Liquid crystal display (LCD) is light valve in general.Therefore, in order to produce image, LCD must be illuminated.Elementary picture areas (pixel, sub-pixel) is formed by the optical shutter of the electrical addressing of small size.In traditional LCD display, produce color by white light and to the light transmissive color filtering of corresponding sub-pixel corresponding with each redness, green and blue sub-image.More advanced LCD display provides backlight able to programme, eliminates motion blur with the rolling (scrolling) by corresponding pulses light.For example, rolling can obtain by arranging in the following manner a plurality of cold-cathode fluorescence lamps, such as U.S. Patent No. 7,093, LCD display in 970 (each display has about 10 bulbs), that is, the major axis of lamp is along the transverse axis of display, and the vertical line by line addressing near-synchronous of each lamp and this LCD display be energized.Alternatively, the hot filament fluorescent lamp bulb may be utilized and can be scrolled similarly, and each bulb is according to the from top to bottom one by one opening and closing of mode of circulation, and this rolling can reduce motion artefacts thus.Backlight places before the diffusing globe.LCD display can comprise the glass plate of supporting color filter and polarizer.

Backlight by using LED (light emitting diode) to be used for, can obtain the further improvement to standard LCD technology.By LED is arranged in the liquid crystal material back according to even distribution mode and the three groups of LED (blue, green and red) that comprise whole back light system are provided, the programmability that can obtain to add and additional performance are benefited.The key feature of these LED irradiators comprises the dynamic range of good black level, enhancing and has also eliminated color filter.By according to the backlight and LCD of color field sequential mode operation, can eliminate color filter.Although LED-backlit can provide outstanding picture characteristics, and is with high costs.For this reason, existence is for the demand of the more not expensive alternative LCD of the performance capability with the LCD that uses LED-backlit.

Summary of the invention

Liquid crystal display comprises the liquid crystal display front end component that is attached to field emission device backlighting unit.Field emission device backlighting unit has negative electrode and anode.Anode is provided with screen construction, and this screen construction has a plurality of phosphor elements that all form continuous haply bar.Each phosphor elements is alignd with the field emission body unit of multirow on being formed at negative electrode.

Description of drawings

The present invention is described by way of example referring now to accompanying drawing.

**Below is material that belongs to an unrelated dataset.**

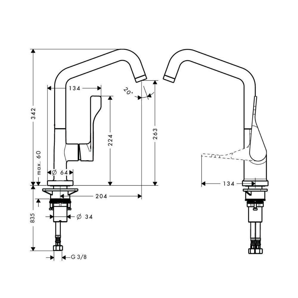Смеситель для кухни Axor (Аксор) Citterio, однорычажный, 39850800 нержавеющая сталь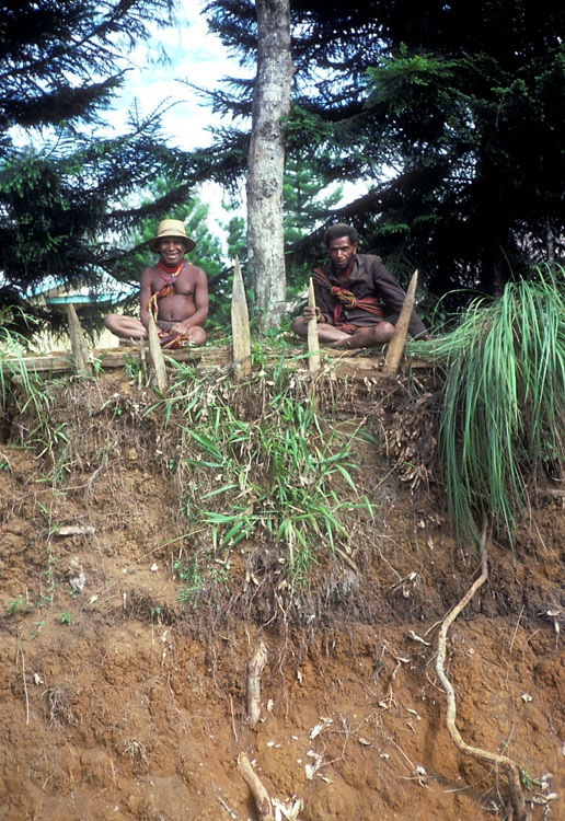 Two huli men sitting on a bank, watching a milling crowd below on election voting day.

Fig. 1 is the part sectional drawing that comprises the liquid crystal display of liquid crystal display front end component and field emission device backlighting unit.

Fig. 2 is the planimetric map of the screen construction in the field emission device backlighting unit of Fig. 1.

Fig. 3 is according to the sectional drawing that comprises the liquid crystal display of liquid crystal display front end component and field emission device backlighting unit of the present invention.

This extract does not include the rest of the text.